18. W końcu mnie tam doprowadziłeś.

759 26 9
                                    

Godzina 15:25 a zajęcia i powrót do domu mam już zaliczony. Oprócz tych wszystkich plotek które już trochę ucichły dzień był w porządku. Matt z Mią i Laurą bardzo mnie pocieszają i wspierają. Phillip nadal się do mnie nie odzywa, więc ja też nie będę. Weszłam do domu i zdjęłam buty. Skierowałam się w stronę kuchni aby się napić. Zastałam tam Mattheo a na kanapie w salonie ujrzałam Rose i tych dwóch typków których imion nie znam, a trochę głupio mi tak zapytać: ej mam pytanie, jak macie na imię?

Trochę głupio, prawda?

- Cześć. - po dłuższej chwili coś powiedziałam bo nie powiem było trochę niezręcznie w tej grobowej ciszy.

- Hej Anas. Słuchaj bo my mamy wiadomość dla ciebie tylko nie wiemy czy się zgo... - Rose zaczęła mówić tym swoim głosem który był słodki ale miał w sobie tą nutkę ostrości. Jednak dane jej dokończyć, nie było.

- Rose kurwa możesz chociaż raz się zamknąć?! - warknął na nią Mattheo. Rozumiem że też krzyczał na mnie czy po prostu od tak sobie krzyczał. Jednak ten krzyk był inny. Był straszny. Był taki po którym przeszły mnie ciarki.

- Macie spine czy coś? Daj jej powiedzieć. - powiedziałam trochę przestraszona jednak starałam się tego nie okazywać. Spojrzałam się na dziewczynę która również na mnie spojrzała wzrokiem podziękowania i współczucia.

- A ty zamknij się i kurwa wypierdalaj. Psujesz wszystko. - powiedział patrząc mi prosto w oczy. Był wkurzony. Mocno wkurzony. Nie wiedziałam tylko o co mu chodzi. Nic przecież nie zrobiłam. - czemu wszystkie laski muszą być tak zjebane? Ta mówi to co nie trzeba, ta wszystko niszczy. Po prostu jesteście pojebane. Przysięgam że wszystkie kobiety na tym świecie są dziwne i zjebane. - te słowa nie zabolały mnie. Nie chciało mi się płakać. Tak jak zwykle by było. Skończyły mi się łzy. Spojrzałam tylko na niego złym wzrokiem kiedy szedł usiąść na kanapę.

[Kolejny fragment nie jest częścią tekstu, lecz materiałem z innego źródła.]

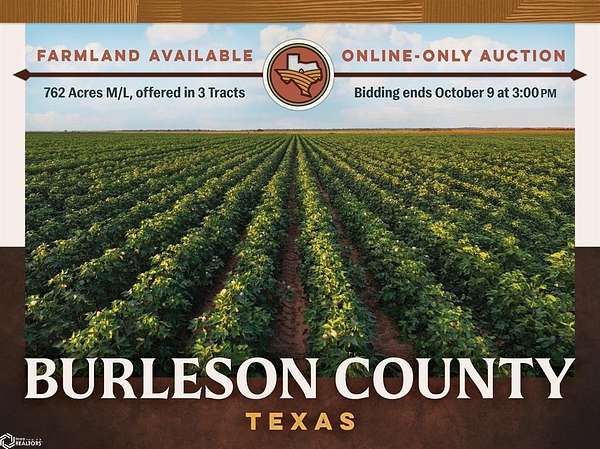 Presenting 762 acres m/l of high-quality farmland located just 10 minutes south of College Station in Burleson County, Texas. This rare offering will be sold via online auction and is available in three individual tracts, ranging in size from 181.35 acres to 330 acres m/l. Situated in the fertile Brazos River Bottom, the farm is comprised primarily of productive Ships clay and Belk clay soils, with a long-standing history of successful cotton, corn, and sorghum production. The farm is currently leased through the 2025 crop season and will be available to farm or operate beginning in 2026, presenting an excellent opportunity for producers, investors, or those looking to expand in a strong agricultural region. Farms in the river bottom are tightly held, and these tracts have not been available to the public in many years. Tract 1: 330.00 Acres M/L with approximately 315.89 tillable acres Tract 2: 251.00 Acres M/L with approximately 249 tillable acres Tract 3: 181.35 Acres M/L with approximately 162.00 tillable acres and 19.35 acres of timber The three tracts will be offered individually on a price-per-acre basis via an online-only auction, where each tract will be bid on separately and will not be combined. Bidding is open now and will close at 3:00 PM CST on Thursday, October 9th, 2025. Interested bidders must register and submit bids through our website.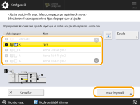 Netegeu el vidre de còpia abans d'ajustar els valors. Neteja del vidre de còpia Utilitzeu les condicions següents per imprimir el full de guia. Si el full de guia no s'imprimeix correctament, l'ajust no serà prou precís. Mida del paper: A3 o 11" x 17" Acabat: No estucat, Estucat a 1 cara o Estucat a 2 cares Tipus: Normal Gramatge del paper: Paper en el qual es pot realitzar una impressió a dues cares i és de 80 g/m2 o més pesat (es recomana paper de 200 g/m2 o més) Si una vora de la pàgina de prova es talla o plega de manera correcta, o si la imatge no s'imprimeix correctament a la pàgina de prova, pot ser que durant el procés de lectura aparegui aquest missatge: <Col·loqueu correctament la pàgina de prova al vidre.> L'ajust no es pot fer correctament en alguns tipus de paper, com ara el paper gofrat amb superfície rugosa o el paper de color. Si l'ajust no es duu a terme correctament quan <Usar escàner> està seleccionat, seleccioneu <No usar lector>. |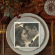 Add your photo and it will turn out with a vintage and rustic flair with our photo overlay. This gives your photo a retro aesthetic with warm tones. Add the couples names and wedding date in white, but let the photo of the couple get the main focus - like old fashion movie stars.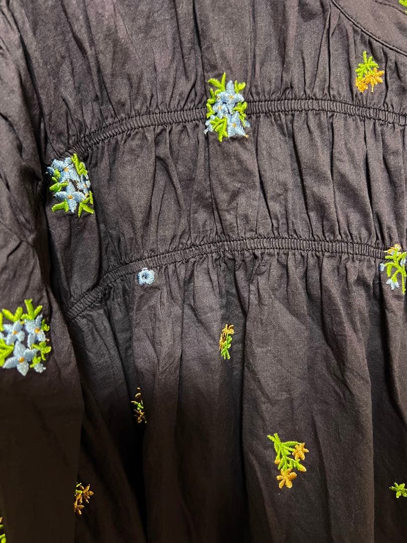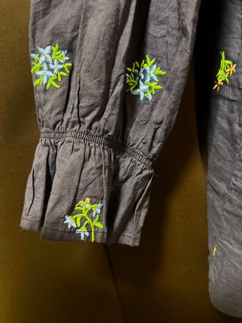 値下済み★ニコアンド★花柄刺繍のダークグレー長袖ブラウス 伸縮性あり L 大きめ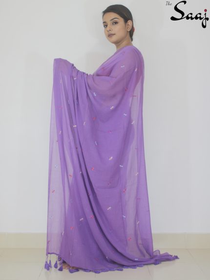 Purple Meadow – Dragonfly Embroidered Mul Cotton Saree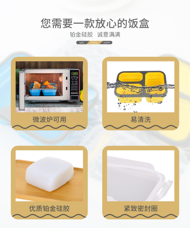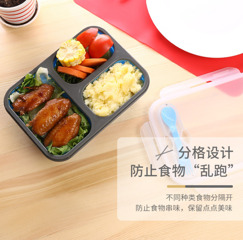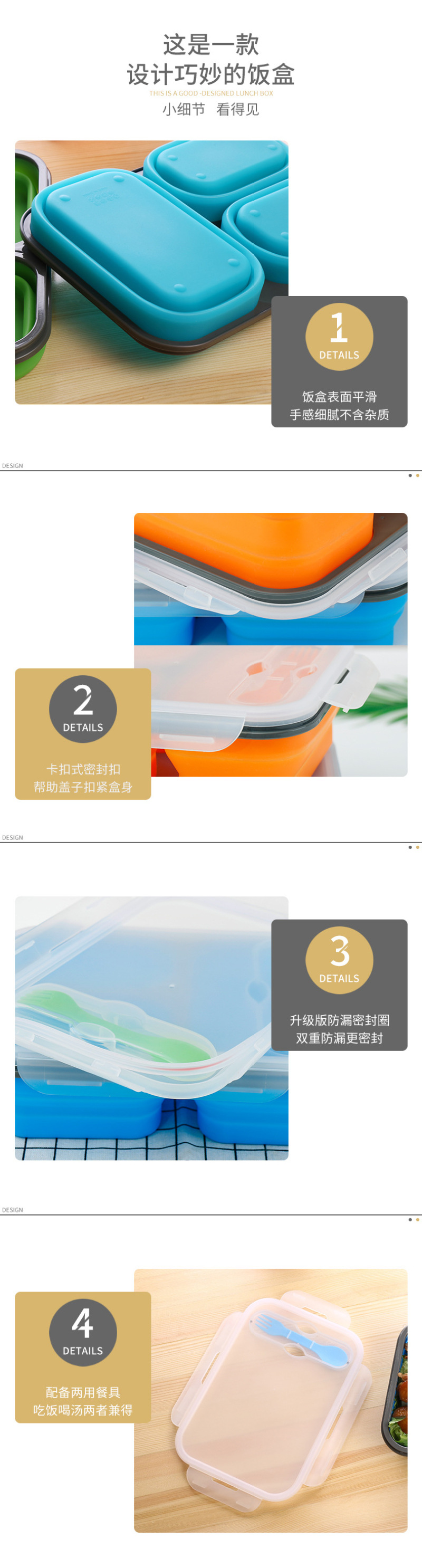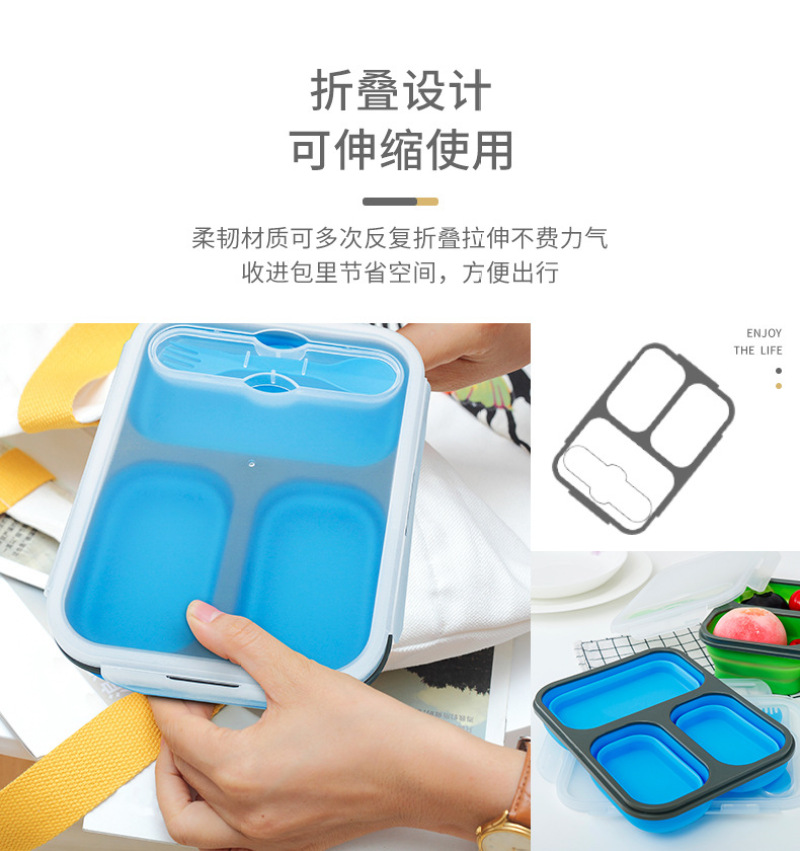 折叠 餐盒 三格硅胶饭盒 配勺叉微波炉便当盒密封保鲜盒午餐盒

- Powiedziałeś że wszystkie kobiety są pojebane, tak? A pomyślałeś może o swojej matce? Mimo że jej tu nie ma i może nie była dobrą matką ale i tak należy jej się szacunek. To ona nosiła cie 9 miesięcy i rodziła w bólu. To ona cie wychowywała. To ona starała Ci się zapewnić jak najlepsze życie. Pominęła fakt czy jesteś wpadką czy nie. Chciała cie wychować na pożądnego człowieka. Każdej kobiecie należy się szacunek. A jeśli tak bardzo mnie nienawidzisz to czemu ostatnio mówiłeś jak bardzo mnie kochasz i dziękujesz za to że dałam Ci dach nad głową? Fakt. Mogłam cie wyrzucić na tą jebaną ulice i powiedzieć abyś radził sobie sam. Ale tego nie zrobiłam. Zlitowałam się nad jebanym Mattheo Riddle'm. - powiedziałam zła. Odwrócił się i zaczął na mnie patrzeć. Poszłam do przed pokoju, założyłam buty. Wzięłam torebkę i wyszłam z domu. Odeszłam stamtąd słysząc w nim tylko krzyk który pochodził od blondyna i był skierowany do Mattheo. Brzmiał on: zjebałeś. Totalnie zjebałeś. Ona ma rację.

Wyszłam poza bramę i skierowałam się do parku. Usiadłam na jednej z ławek i zaczęłam patrzeć na fontannę. Wyciągnęłam telefon i spojrzałam na godzinę po czym spowrotem go schowałam. Zapaliłam jednego papierosa. Nikotyna odrazu mnie rozluźniła, ona zawsze mi pomaga. W stresie, złości, smutku, szczęściu, po prostu zawsze. Była drugą rzeczą, którą zawsze ale to zawsze muszę mieć przy sobie, pierwszą oczywiscie był telefon. Zaczął padać deszcz. Założyłam kaptur na głowę i dalej siedziałam. Siedziałam. Nic nie robiłam, po prostu siedziałam.

***
Było już ciemno. Wyciągnęłam telefon i spojrzałam na ekran. 23:54. Szczerze, myślałam że jest już po drugiej. Miałam schować telefon kiedy usłyszałam wibracje pochodzące właśnie z urządzenia. Matt. Odebrałam.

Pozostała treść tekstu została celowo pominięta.